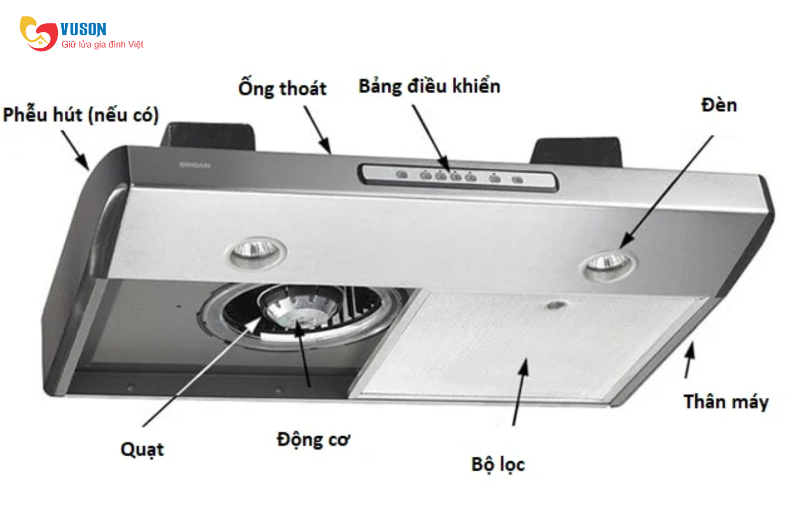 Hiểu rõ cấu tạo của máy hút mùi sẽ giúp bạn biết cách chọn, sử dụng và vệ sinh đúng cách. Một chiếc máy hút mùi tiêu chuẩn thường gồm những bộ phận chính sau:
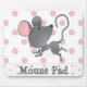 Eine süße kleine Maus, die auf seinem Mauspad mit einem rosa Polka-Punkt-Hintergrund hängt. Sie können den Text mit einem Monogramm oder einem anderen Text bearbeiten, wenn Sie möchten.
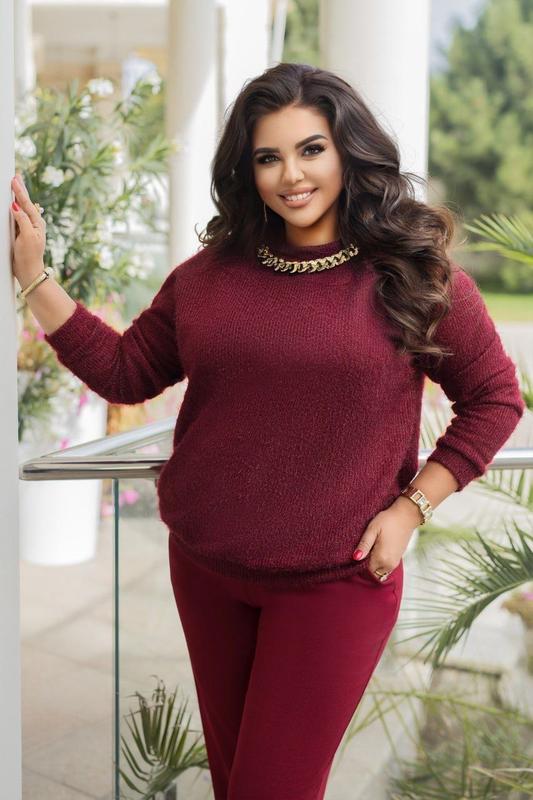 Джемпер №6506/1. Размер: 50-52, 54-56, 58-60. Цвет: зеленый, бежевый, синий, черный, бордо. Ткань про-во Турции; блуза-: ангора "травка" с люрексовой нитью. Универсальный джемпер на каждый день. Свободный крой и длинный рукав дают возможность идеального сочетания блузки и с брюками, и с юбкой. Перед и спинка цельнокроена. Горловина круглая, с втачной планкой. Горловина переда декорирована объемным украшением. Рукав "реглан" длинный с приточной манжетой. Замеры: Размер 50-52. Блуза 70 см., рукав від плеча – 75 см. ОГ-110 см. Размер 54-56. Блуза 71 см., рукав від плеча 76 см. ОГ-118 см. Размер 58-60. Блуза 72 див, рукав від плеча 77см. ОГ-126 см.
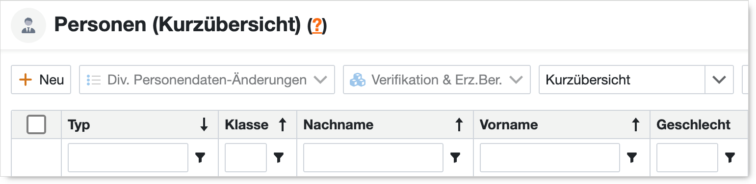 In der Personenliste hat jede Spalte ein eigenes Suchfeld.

# Exercise goal
Only the lines from the start of the material to the line with "Eine süße kleine", inclusive, belong in the answer, printed exactly and free of pictures.

# Exercise output
 Hiểu rõ cấu tạo của máy hút mùi sẽ giúp bạn biết cách chọn, sử dụng và vệ sinh đúng cách. Một chiếc máy hút mùi tiêu chuẩn thường gồm những bộ phận chính sau:
 Eine süße kleine Maus, die auf seinem Mauspad mit einem rosa Polka-Punkt-Hintergrund hängt. Sie können den Text mit einem Monogramm oder einem anderen Text bearbeiten, wenn Sie möchten.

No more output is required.